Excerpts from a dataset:
^^^^

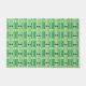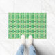 Este doormat tiene un diseño moderno de mediados de siglo de líneas verticales verdes con rectángulos arriba, repetidos a lo largo del diseño.
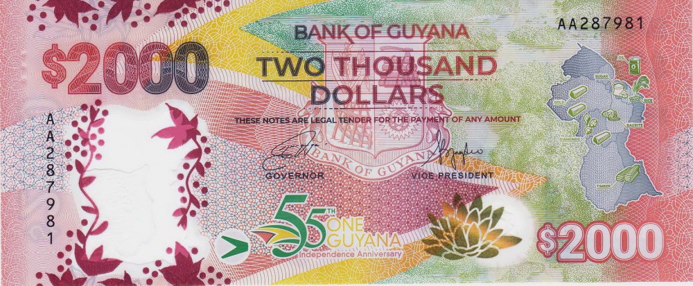 Bancnota comemorativa din polimer in stare perfect necirculata Guyana 2.000 Dolari emisa in 2022 cu ocazia celei de-a 55-a aniversari a independentei.
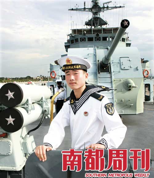 2007年12月入伍,海軍南海艦隊(duì)某艦艇部隊(duì)某艦槍炮測距部門上等兵。
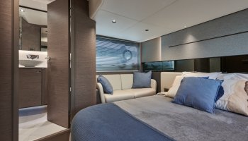 Inside, innovation and flexibility are the keywords. The lower deck salon is a spacious and elegant reception area. The owner's cabin is a true haven of peace, occupying the entire width of this Princess.
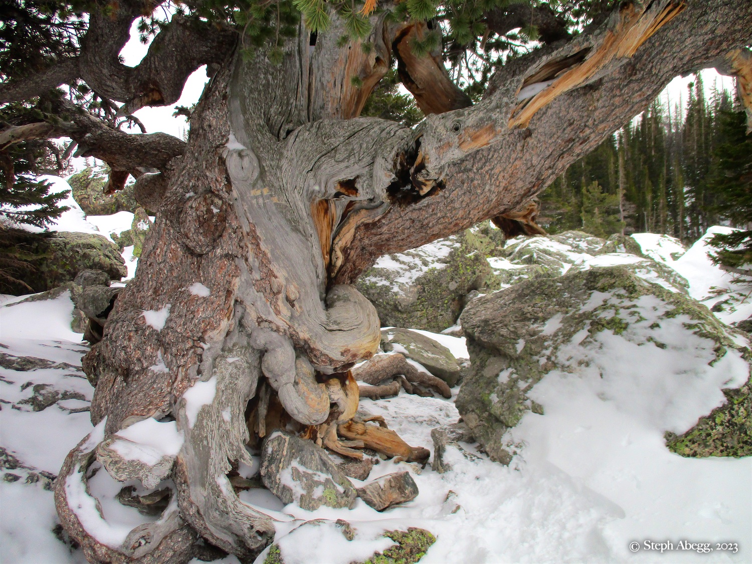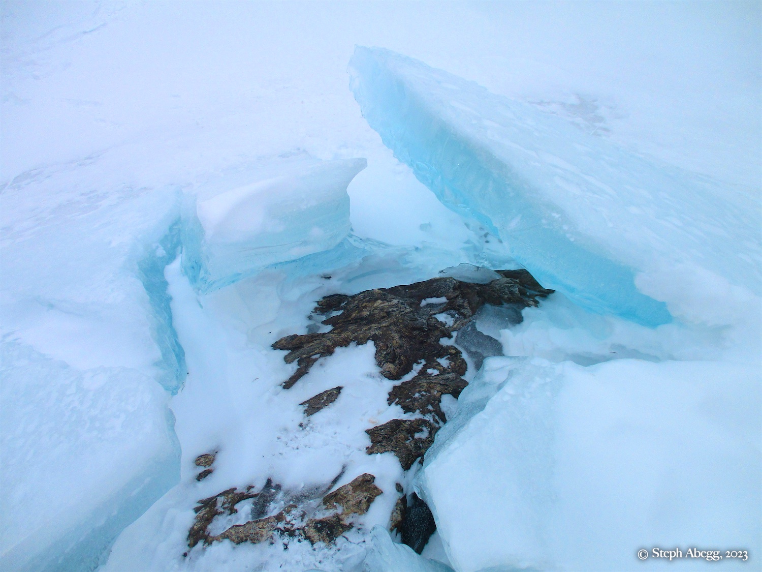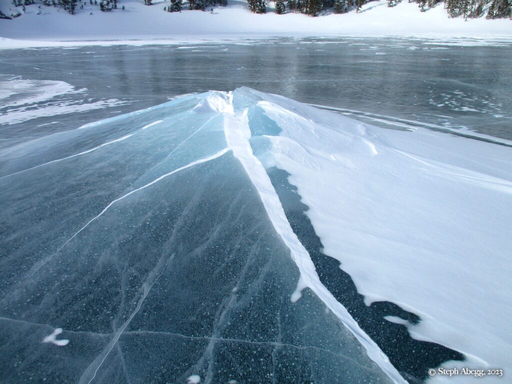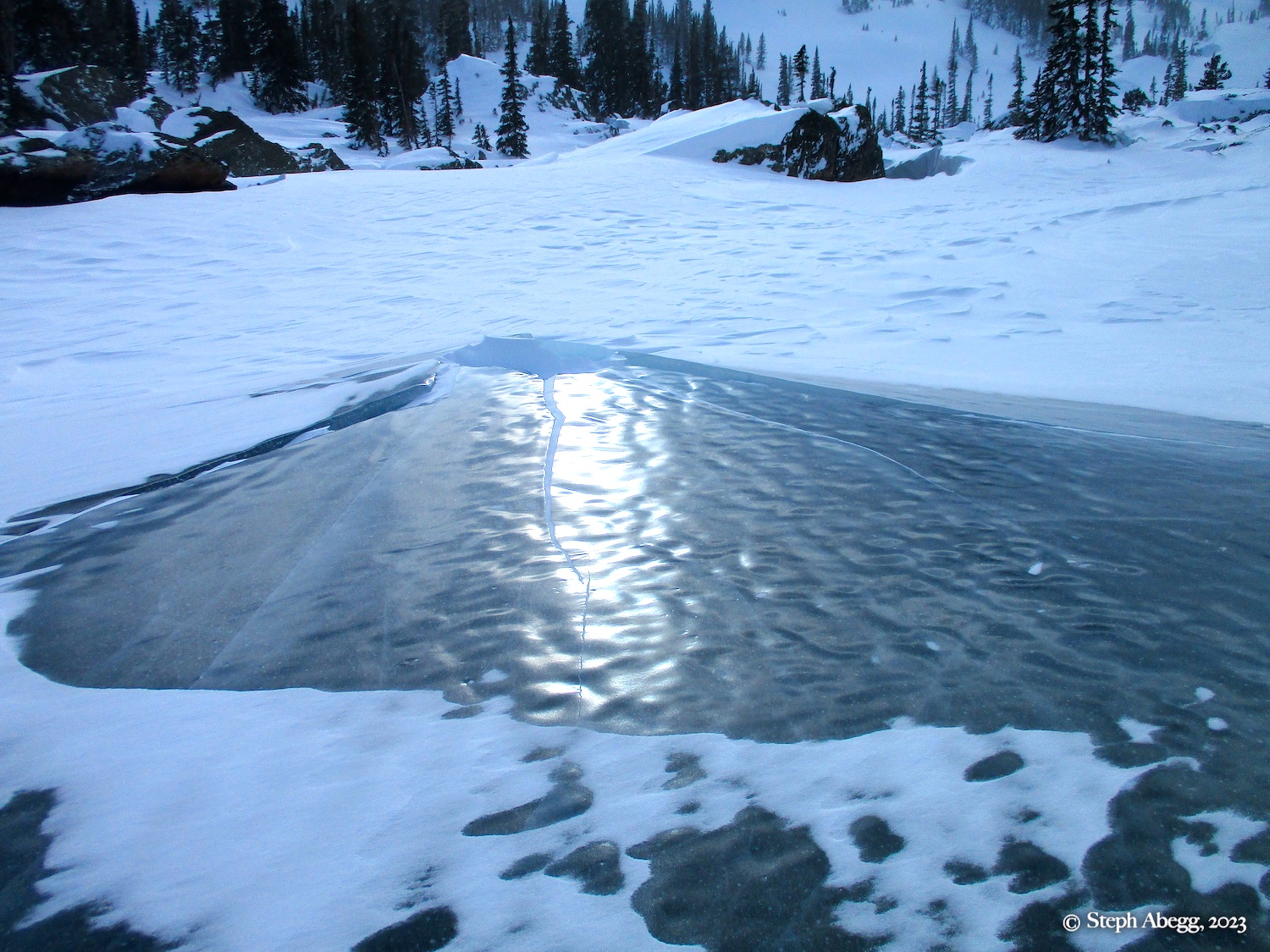 Indeed, the ice formations on Lake Haiyaha were quite fascinating! Most of the frozen lakes I have encountered in RMNP in the winter are relatively smooth and sometimes even glassy, but not Lake Haiyaha: The ice around the edges of the lake had been pushed up to create jagged edges and there were large cracked mounds of ice. There are giant boulders and rocks at the shore of Lake Haiyaha, so perhaps these "ice pimples" form over these boulders and rocks, which create disturbances in the flow of water.

^^^^

Leave the pictures out. Extract exactly the lines running from the one with "Inside, innovation and" through the last entry, both ends included.

- **Written solution**:
 Inside, innovation and flexibility are the keywords. The lower deck salon is a spacious and elegant reception area. The owner's cabin is a true haven of peace, occupying the entire width of this Princess.
 Indeed, the ice formations on Lake Haiyaha were quite fascinating! Most of the frozen lakes I have encountered in RMNP in the winter are relatively smooth and sometimes even glassy, but not Lake Haiyaha: The ice around the edges of the lake had been pushed up to create jagged edges and there were large cracked mounds of ice. There are giant boulders and rocks at the shore of Lake Haiyaha, so perhaps these "ice pimples" form over these boulders and rocks, which create disturbances in the flow of water.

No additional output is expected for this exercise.